# DATA EXTRACT
========

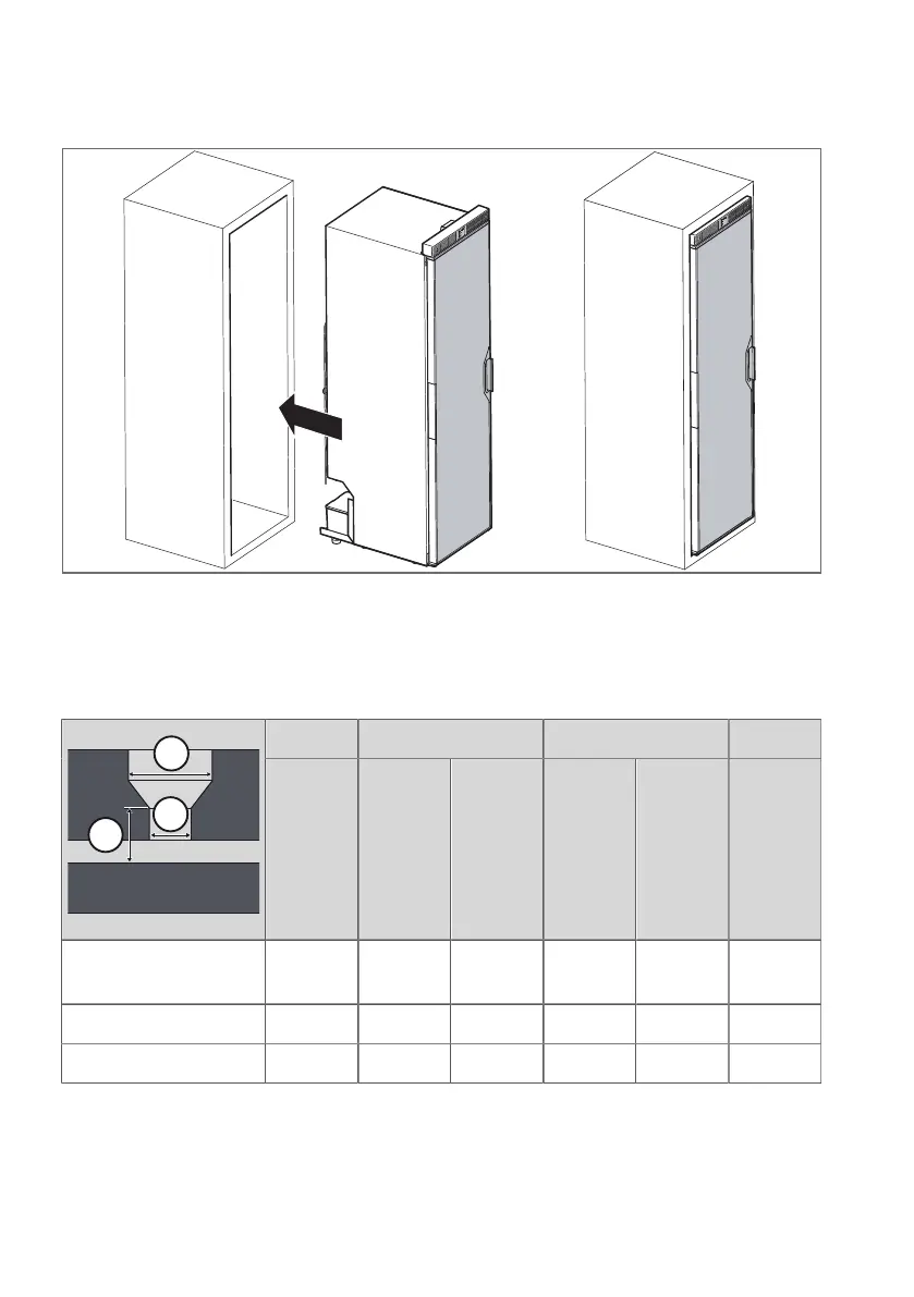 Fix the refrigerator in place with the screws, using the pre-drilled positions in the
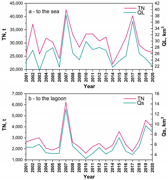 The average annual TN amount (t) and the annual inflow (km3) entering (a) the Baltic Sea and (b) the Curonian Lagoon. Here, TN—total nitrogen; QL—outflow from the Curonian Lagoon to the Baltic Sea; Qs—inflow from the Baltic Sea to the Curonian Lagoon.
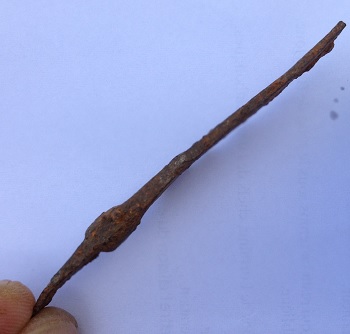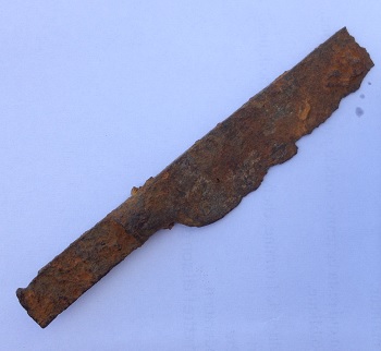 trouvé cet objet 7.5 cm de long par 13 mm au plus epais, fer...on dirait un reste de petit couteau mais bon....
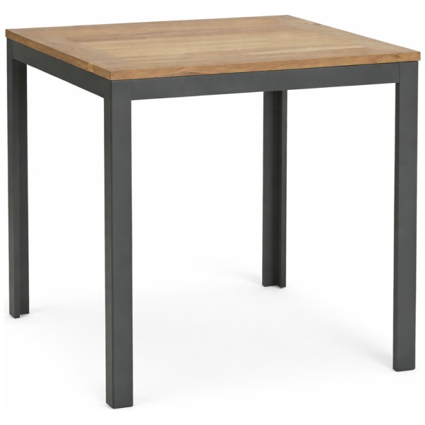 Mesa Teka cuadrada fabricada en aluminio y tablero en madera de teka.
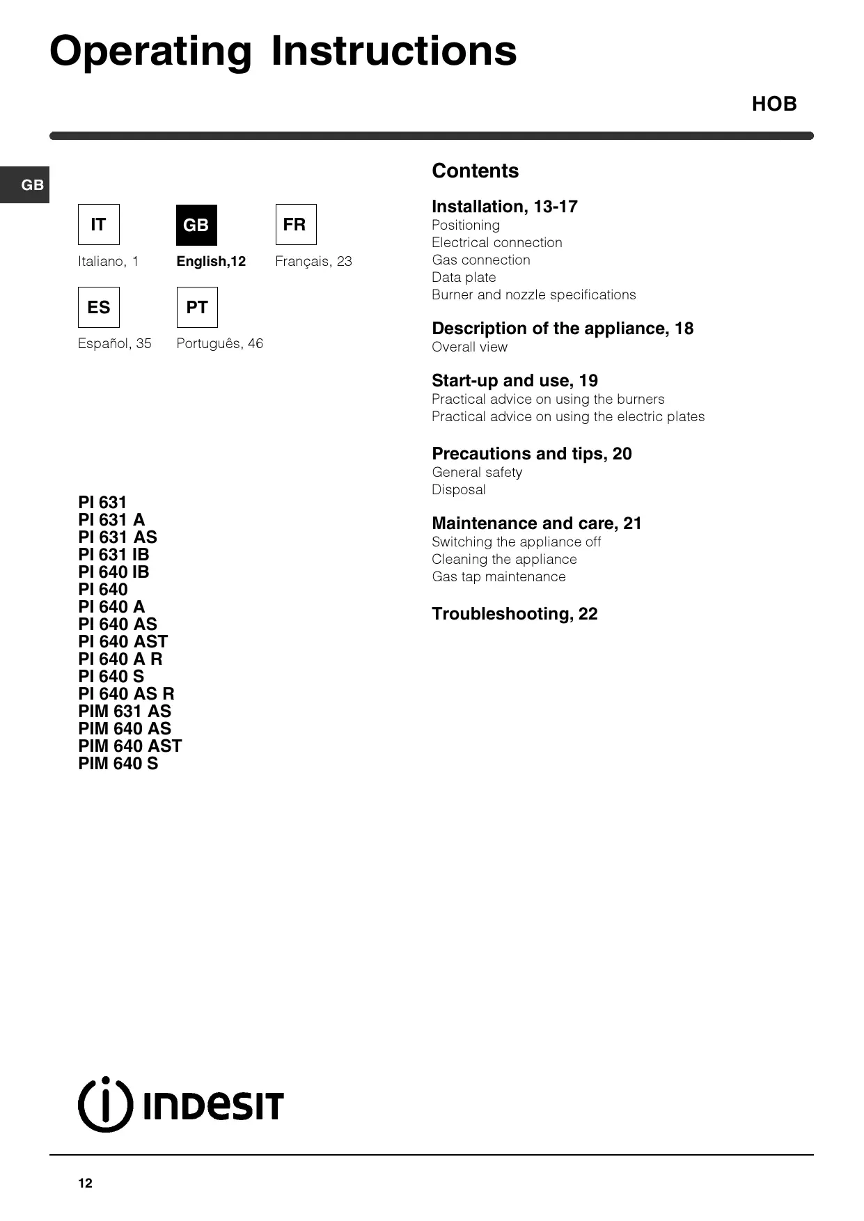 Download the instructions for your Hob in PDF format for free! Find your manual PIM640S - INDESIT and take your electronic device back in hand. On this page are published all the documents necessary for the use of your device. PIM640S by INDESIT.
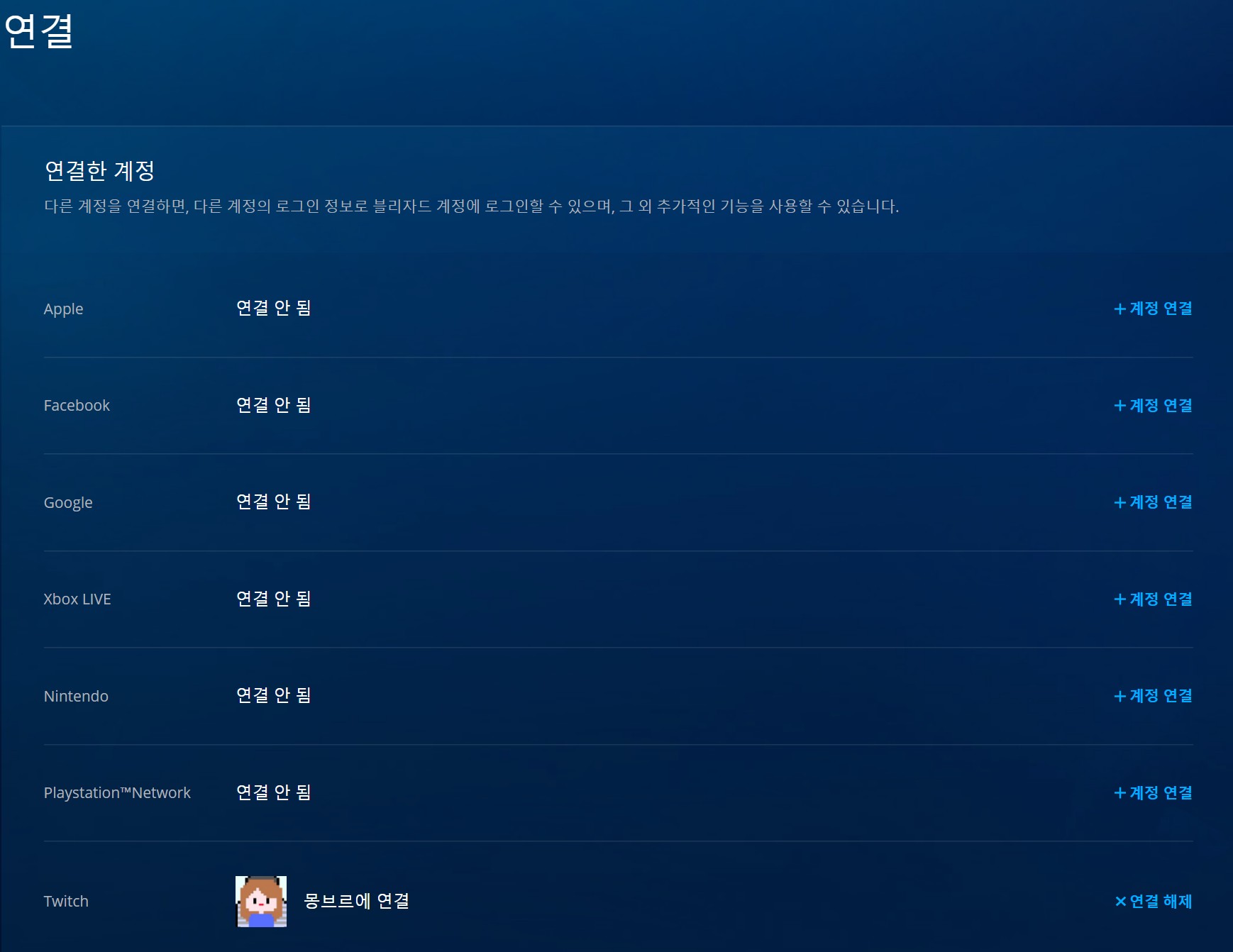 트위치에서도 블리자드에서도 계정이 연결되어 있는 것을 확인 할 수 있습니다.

========

Above are the records; repeat them exactly, omitting every picture.

# SOLUTION
 Fix the refrigerator in place with the screws, using the pre-drilled positions in the
 The average annual TN amount (t) and the annual inflow (km3) entering (a) the Baltic Sea and (b) the Curonian Lagoon. Here, TN—total nitrogen; QL—outflow from the Curonian Lagoon to the Baltic Sea; Qs—inflow from the Baltic Sea to the Curonian Lagoon.
 trouvé cet objet 7.5 cm de long par 13 mm au plus epais, fer...on dirait un reste de petit couteau mais bon....
 Mesa Teka cuadrada fabricada en aluminio y tablero en madera de teka.
 Download the instructions for your Hob in PDF format for free! Find your manual PIM640S - INDESIT and take your electronic device back in hand. On this page are published all the documents necessary for the use of your device. PIM640S by INDESIT.
 트위치에서도 블리자드에서도 계정이 연결되어 있는 것을 확인 할 수 있습니다.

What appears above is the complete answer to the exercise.